Once the tapes are down and the mass of Poly-goo has some time to set up, finish as you would any other fabric repair:  brush on Poly-brush, then spray on Poly-brush, then spray on Poly-spray, followed by light sanding and more Poly-spray.  For the Poly-spray coats I applied material up to the edge of the previously chamfered sanded edges.

My airplane unfortunately has a PPG Durathane automotive paint finish, so I finish-coated with Durathane that was color-matched from the original paint.  Feather the edges into the existing wing skin paint.  Lastly get out the buffing tools and buff the repair, particularly the edges, to blend the repair into the existing finish.  In the end the repair is noticeable if you look for it, but it does not leap out to the casual observer.
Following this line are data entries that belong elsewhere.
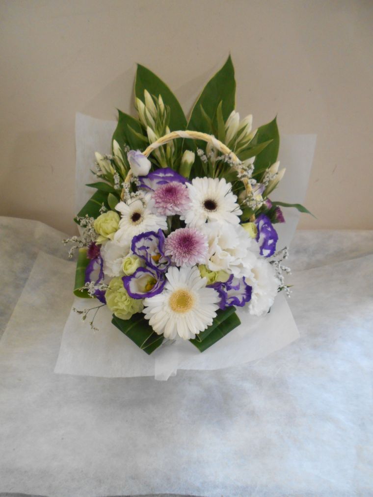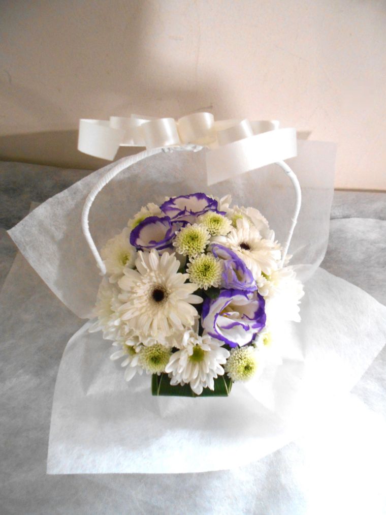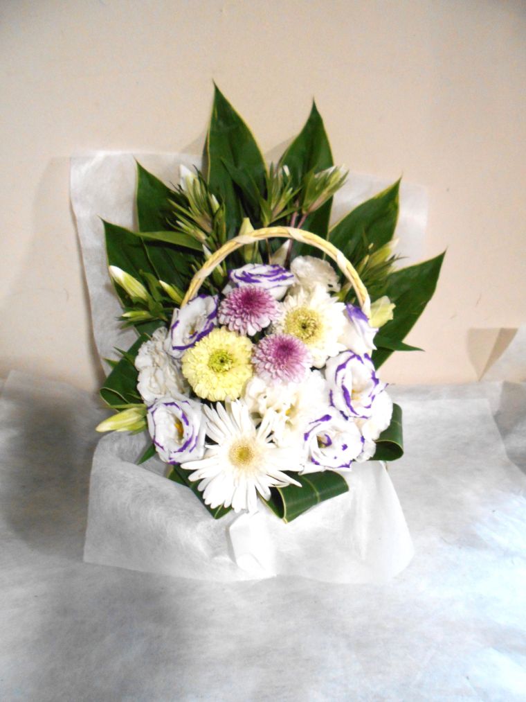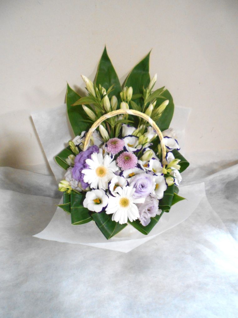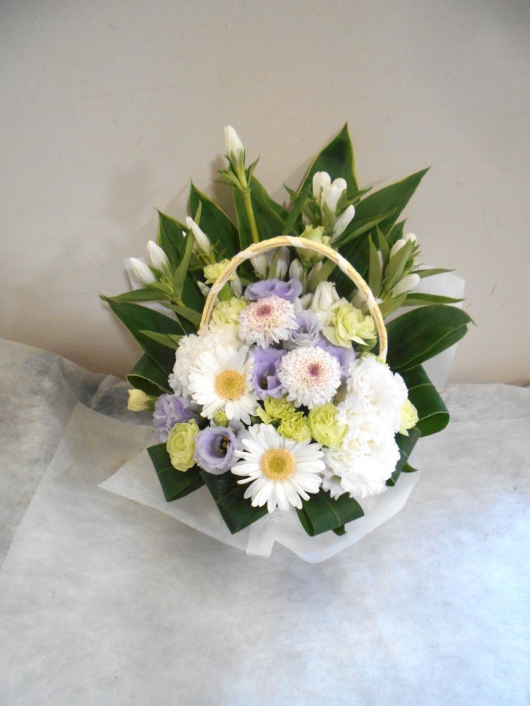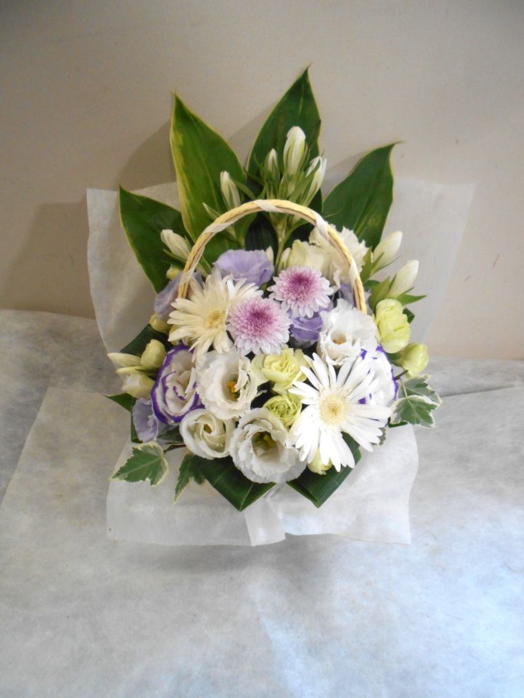 お悔やみ お供えの花 供花 (ホワイト&薄紫系でまとめた手付きのバスケットアレンジ)
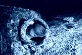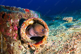 Giant Moray Eel hidden on a shipwreck in a tropical ocean
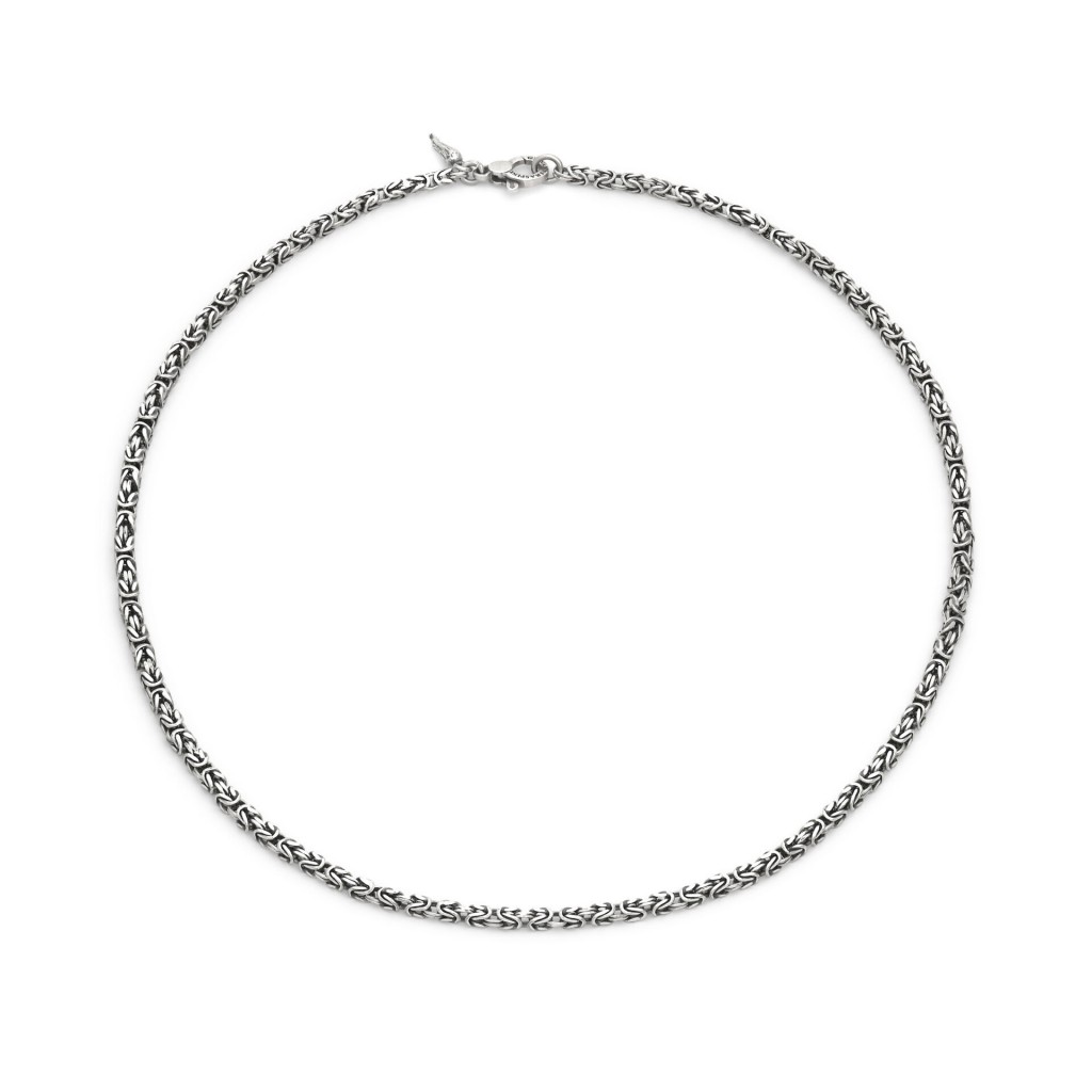 Raffinata e versatile, la collana Maglia Bizantina Quadra Mini in argento completa ogni look.
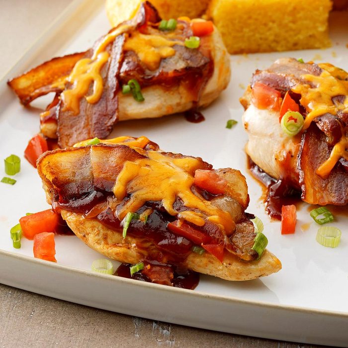 This Monterey chicken transforms regular chicken into a savory dish with barbecue sauce, crisp bacon and melty cheese. It gets even better with a sprinkling of fresh tomatoes and green onions. —Linda Coleman, Cedar Rapids, Iowa
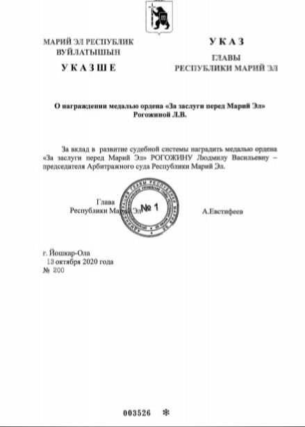 На сайте Правительства республики появился новый Указ, подписанный Александром Евстифеевым. В нем говорится, что за вклад в развитие судебной системы медалью ордена «За заслуги перед Марий Эл» награждается председатель регионального Арбитражного суда Людмила Васильевна Рогожина.
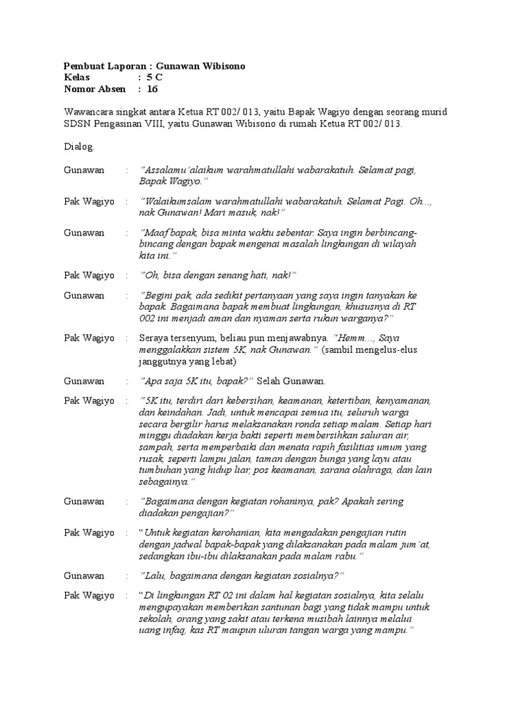 Contoh laporan hasil wawancara laporan hasil wawancara adalah sebuah teks tertulis yang melaporkan suatu wawancara yang telah dilakukan baik itu wawancara dengan pedagang pengusaha guru ketua rt. Dalam contoh teks wawancara setiap teks akan sangat beragam sesui dengan tema yang diangkat namun secara konten atau isi tetap mengacu pada 6 prinsip di atas yaitu 5 w 1h.
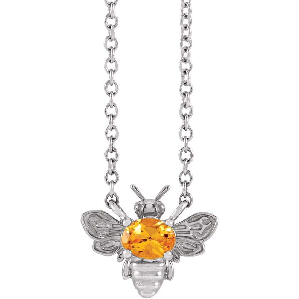 Sterling Silver Oval Shape Orange Garnet Bee Necklace (10.38x8.6mm), 18"
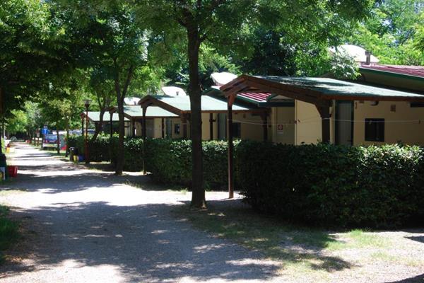 Position: located in the middle of a natural park along the scenic route linking Pesaro (7 Km.) to Gabicce (10 Km.), and surrounded by greenery. 100 m. above the sea, a pathway leads down to the beach below. The water here is particularly clear and ideal for underwater fishing. Ideal for those wishing to spend a relaxing and quiet holiday in a locality of uncontaminated beauty. At the disposal of guests, the camping site provides: bar, pizzeria, snack bar, convenience store, TV room, refrigerator service, laundry, safe and Bungalows. Sport and relax: free swimming pool for adults and children, solarium. Entertainment: ping-pong, games room, lawn billiards, polivalent court, children’s playground. Horse-riding and golf facilities nearby at extra charge. Recommended for everyone, including families with children and tourists on bike. Animals are welcome. The Campsite is provided with wide and comfortable bungalows, fully furnished and equipped, with all the facilities to offer you a pleasant and comfortable stay. In the bungalows there are: double room, room with single beds, bathroom with shower, living room equipped with crockery, refrigerator,and double bed-settee. The bungalows have air conditioning and heating. The bungalow have air conditioning and TV-socket outlet. Moreover you may dispose over a veranda with chair and table to eat outside and to spend lovely evenings.
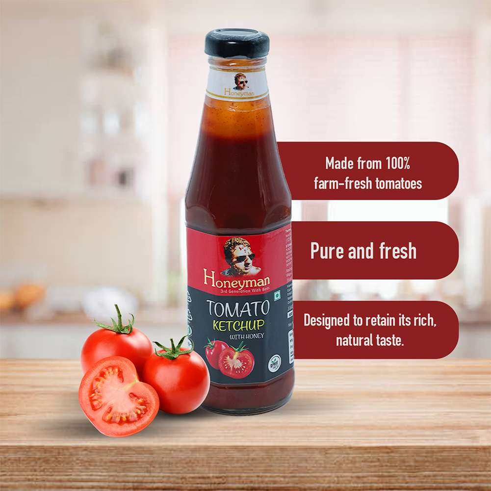 🍅 Honey Tomato Ketchup – A naturally sweetened twist on the classic ketchup, blending juicy tomatoes with honey for a rich, tangy flavor that pairs perfectly with snacks, fries, and sandwiches.

Unfortunately any fix using the original butt-joint tank cover seams is not going to last.  Already my repair is showing bubbles under the new tapes, so someday it too will pop off.  The area of the repair is circled in blue.  This is before blending of the new paint, but after it was flown.  If you look closely you can see the new crack/bubble that is starting to form.

I've heard that the only permanent fix is to remove the tapes and the tank cover, build a new tank cover, and then bond the tank cover into the wing skin using scarf joints.  The scarf joints are very strong and will not flex like a butt joint will.  That's more surgery than I'm willing to do for now, at least until the current tank tapes come off again.